An article from The Guardian seems to confirm this suspicion. Pretty privilege is so ingrained in us that we discriminate against ‘ugly’ characters who post videos on TikTok. The article revealed that TikTok moderators restricted videos from users who appeared too ugly, poor or disabled to create aspirational air in the videos featured on the platform. Apparently, those videos were deemed less attractive and unworthy of recommendation and a spot in the For You page of the app. A representative of the social media platform stated that they did so to prevent bullying. But regardless of the intentions, this unsettling foul play behind what goes up on the For You page conditions users to see only attractive people in their algorithms, pressurising users to either be attractive, or not post at all.

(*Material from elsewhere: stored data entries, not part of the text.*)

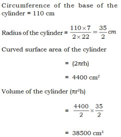 The curved surface area of a cylinder is 4400 cm2 and its circumference of the base is 110 cm. Find the volume of cylinder.
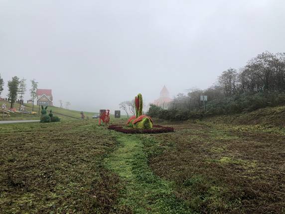 下午飘起了蒙蒙细雨雨,雨下的并不是很大,但是空气里的湿度却很粘稠,这样的雨雾天气与其说是扫兴不如说是一场奇遇。整个二平台都在一场烟雨缥缈之中,笼罩着一层迷离,不远处的度假酒店隐约能看见耸立的塔尖和梦幻般的玫红色,如果忽略身边拥挤的人群,就好像进入了一场童话梦境一样,我们猝不及防的就闯入了迷雾森林。
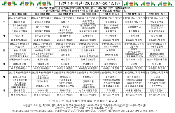 12월 1주 식단표
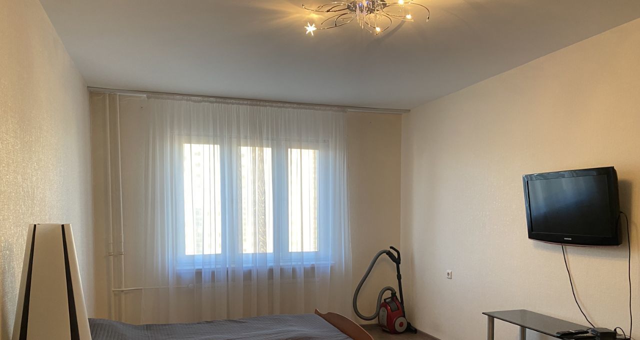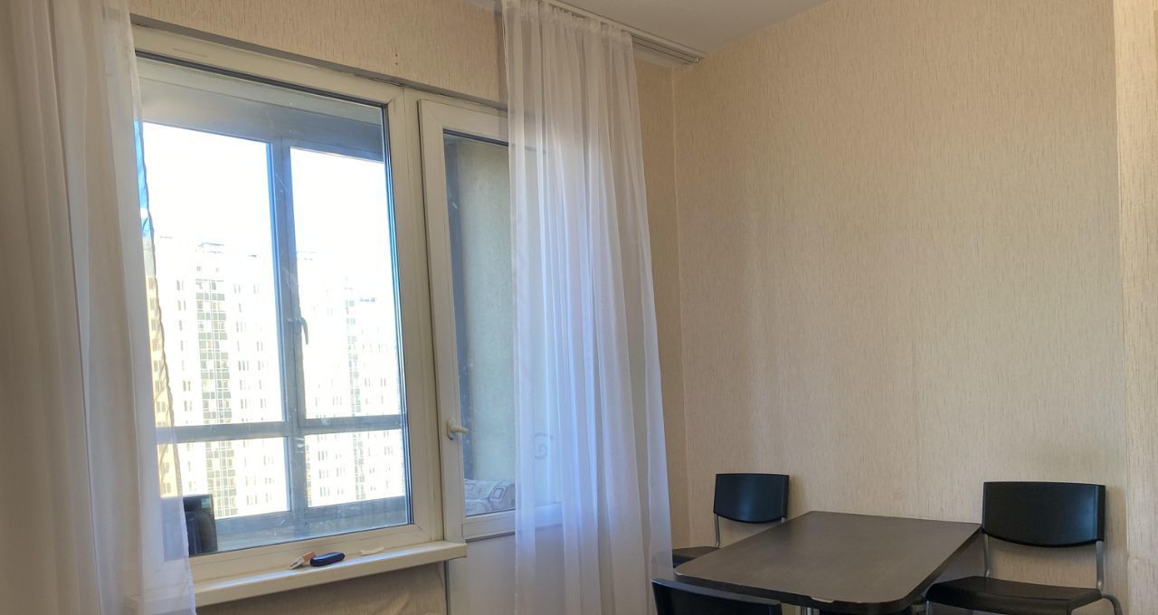 Сдаётся однокомнатная квартира в современном доме 2015 года постройки. Общая площадь — 38 кв. м, жилая — 20 кв. м, кухня — 8 кв. м. Квартира расположена на 13 этаже 25-этажного панельного дома, окна выходят на улицу. Высота потолков составляет 2.8 метра, что создаёт ощущение простора.
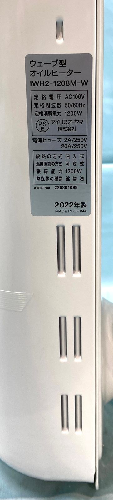【開封済・未使用品】アイリスオーヤマ ウェーブ型オイルヒーター IWH2-1208M-W 3020260216144 ※参考価格:11000円(税込)
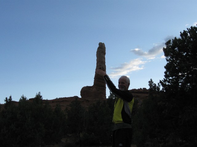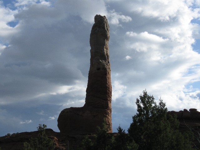 The gnarled and wrinkled surface of Brigham's Organ, The Cock Rock, The Porphoritic Phallus, The Dick Stone, the renowned sandstone pipe glows briefly as the sun dips below the very near horizon. Fluted shadows march across the Salmon-pink Entrada SS (Sand Stone) in this state park named after the old film master, Kodachrome State Park. It's a too-soon ending to a deluxe touring day.
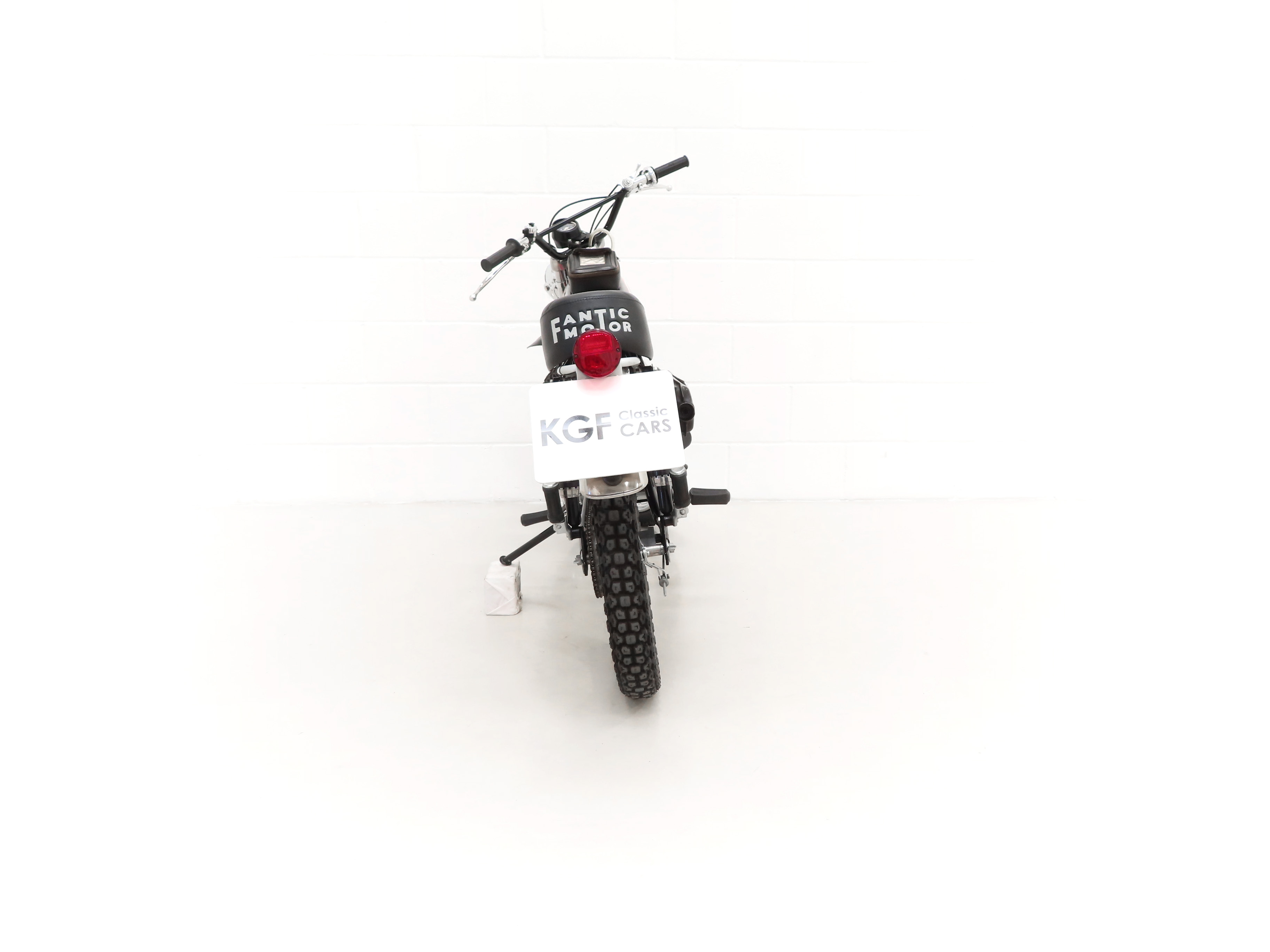 Double loop steel tube frame, 1.7 imp. Gallon fuel tank, alloy wheel hubs, dual beam headlamp with ‘lights-on’ indicator, rear lamp, stainless steel front and rear mudguards, rear foot pegs, front Fantic hydraulic and rear adjustable dampers, rubber front mudguard upper and lower extenders, Fantic flat exhaust with chrome lightweight heatshield, Domino clutch and front brake levers, CEV control switch and speedometer, handlebar mounted choke lever, electromagnetic horn, engine cut-out button, fuel valve, Fantic motor embossed seat, tank pack with running-in/maintenance instructions.

Believe it or not, all of us fall victim to or are unknowing contributors towards ‘pretty privilege’. Apart from women, men definitely experience ‘pretty privilege’ as well. Ted Bundy, a serial rapist, kidnapper and murderer gained an alarming number of fangirls when High School Musical heart-throb Zac Efron was cast to play the criminal in a Netflix docuseries back in 2019.
Morals are questioned here, as people overlook the criminal aspect of a person because of attractiveness. Bundy used his supposedly good looks to attract women, assaulting and murdering them in the end. Years later, despite his actions and misdeeds being known to the public, people still overlook that because of his good looks. An attractive, college-educated man, Bundy was a former law student who had worked in politics. Many of his former co-workers could not accept the fact that he was a killer when he was apprehended for his crime. Appallingly, when he was on trial, women would turn up to court to give him handwritten letters, as alleged by Margaret Good, one of his defence lawyers.
As social media continues to reinforce societal beauty standards, the pursuit of looks will continue to be ingrained in our everyday lives, and we might unconsciously or subconsciously forget the complexity and biases of it all. We should pay more attention to “pretty privilege” and find out if we ourselves partake in this phenomenon.